Deep Generative Models Meet Federated Learning: A Healthcare-Centered Review

Published in Authorea Preprints, 2025

The integration of Artificial Intelligence (AI) in healthcare holds significant promise, yet remains constrained by data scarcity, privacy and ethical concerns, and the inherent complexity of medical tasks. This review explores the intersection of deep generative modeling and federated learning, two complementary paradigms that enable collaborative and privacy-preserving innovation. We survey recent trends in deep generative models applied to healthcare, with a particular focus on federated settings.
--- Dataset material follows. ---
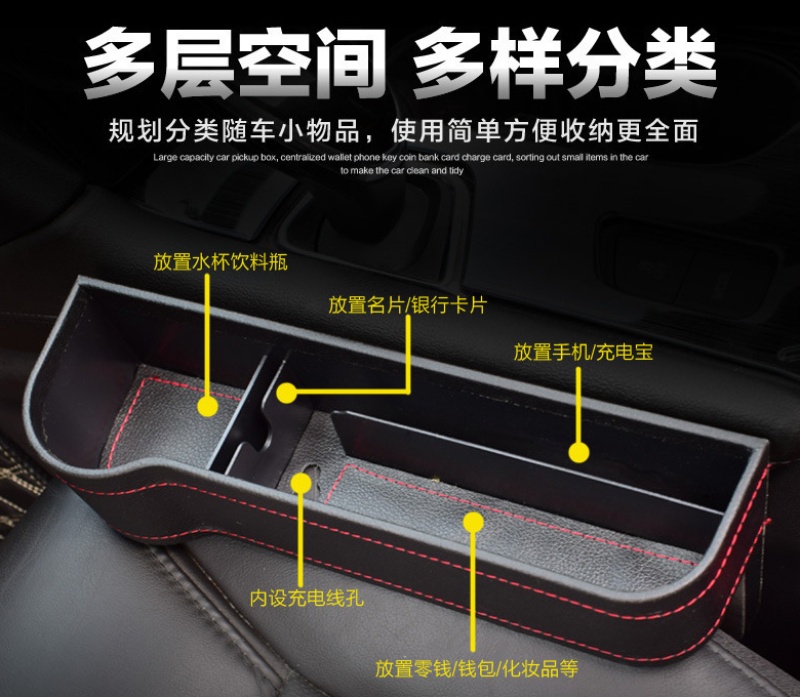 车载座椅缝隙收纳盒 车用储物多功能夹缝盒 杂物水杯架汽车缝隙盒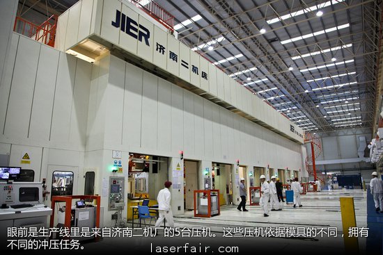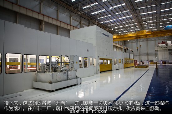 在廣菲工廠,落料線采用的是伺服落料壓力機,供應商來自舒勒,較高的生產(chan) 效率、較低的能耗是其特點。據廠方介紹,落料線一分鍾能衝(chong) 壓75次,而普通的設備同樣時間內(nei) 衝(chong) 壓次數僅(jin) 有四十餘(yu) 次。

The review is structured around model architectures, providing a taxonomy-driven analysis that emphasizes solutions tailored to the heterogeneity of healthcare data. Although this review initially intended to cover multimodal applications, the current literature is largely limited to single-modality models. Among deep generative approaches, Generative Adversarial Networks dominate the field, particularly in domains such as medical image synthesis and data augmentation. In contrast, alternative architectures, including variational autoencoders, diffusion models, and autoregressive models, remain barely explored in federated healthcare scenarios. Notably, the number of related publications has increased substantially in recent years, rising from 1 in 2020 to 16 in 2024, reflecting the growing interest and momentum in this area. This paper highlights key challenges, open research questions, and future directions for the development of trustworthy, distributed generative AI in healthcare.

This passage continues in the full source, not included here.